Italians raising a stink over garbage
"If you see all this trash, you don't have much desire to eat," said the owner, Vittorio Silvestri, 59, who, like most people in and around Naples these days, is very angry at his leaders.
For a dozen years, Naples and surrounding towns like this one have periodically choked on their refuse, but the last two weeks have flared into a real crisis, as much political as sanitary: trash began piling high in the streets as places to dump it officially filled up. Then, on Saturday, the last legal dump closed.
As the piles rose and the stench spread, 100 or more refuse fires burned some nights. And while a patchwork of emergency measures has eased the crisis in the past few days, even the beleaguered men whose job it is to collect the trash sympathized.
"The people are right," said Guido Lauria, in charge of sanitation for a large section of the city, including the Soccavo neighborhood, where his workers cleared away heaps of garbage. "You smell this. People have children, but animals come, then insects. And then they complain."
The bottom line seems the failure of politics, never a strong point.
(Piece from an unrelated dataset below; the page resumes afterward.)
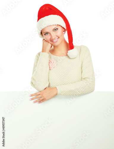Beautiful christmas woman in santa hat holding empty board.
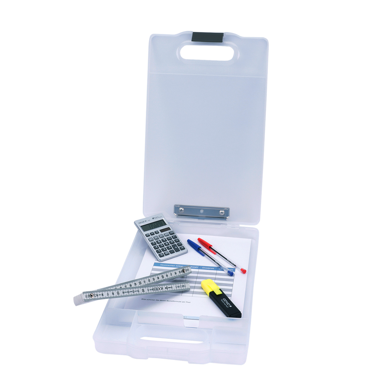 Die transparente Ausführung ermöglicht eine schnelle Sicht auf den Inhalt, wodurch Dokumente leichter organisiert und identifiziert werden können. Das Gehäuse aus widerstandsfähigem Kunststoff ist bruchsicher und feuchtigkeitsabweisend, wodurch sich das Klemmbrett auch für den täglichen Einsatz eignet.

As trash dumps filled over the years, it proved impossible to find new places or ways to get rid of garbage, largely because of local protests or protection by politicians. But years of postponing the problem finally caught up with Naples (and by bad luck just as the temperature rose, creating as much stink as unsightliness).
"This is a situation that is tied to the incapability of the political structure," said Ermete Realacci, an environmental expert and member of Parliament for the center-left Daisy Party. Namely, he said, politicians of all stripes have been unwilling "to make strong choices" to build new dumps or incinerators.
And so, as the world's news media fixed on trash fires burning in the streets, the nation's president, Giorgio Napolitano, issued an unusual "extremely energetic appeal" to all levels of government and to politicians of the left, right and center finally to solve the crisis. At stake was not just public order, he said, but "the image of the country."
The president's office normally holds itself above daily politics. But in this case Napolitano, a courtly native of Naples, used his prestige to persuade the residents of one town led by one devout and praying woman called La Passionaria di Parapoti to allow a closed local dump to be reopened for a brief 20 days.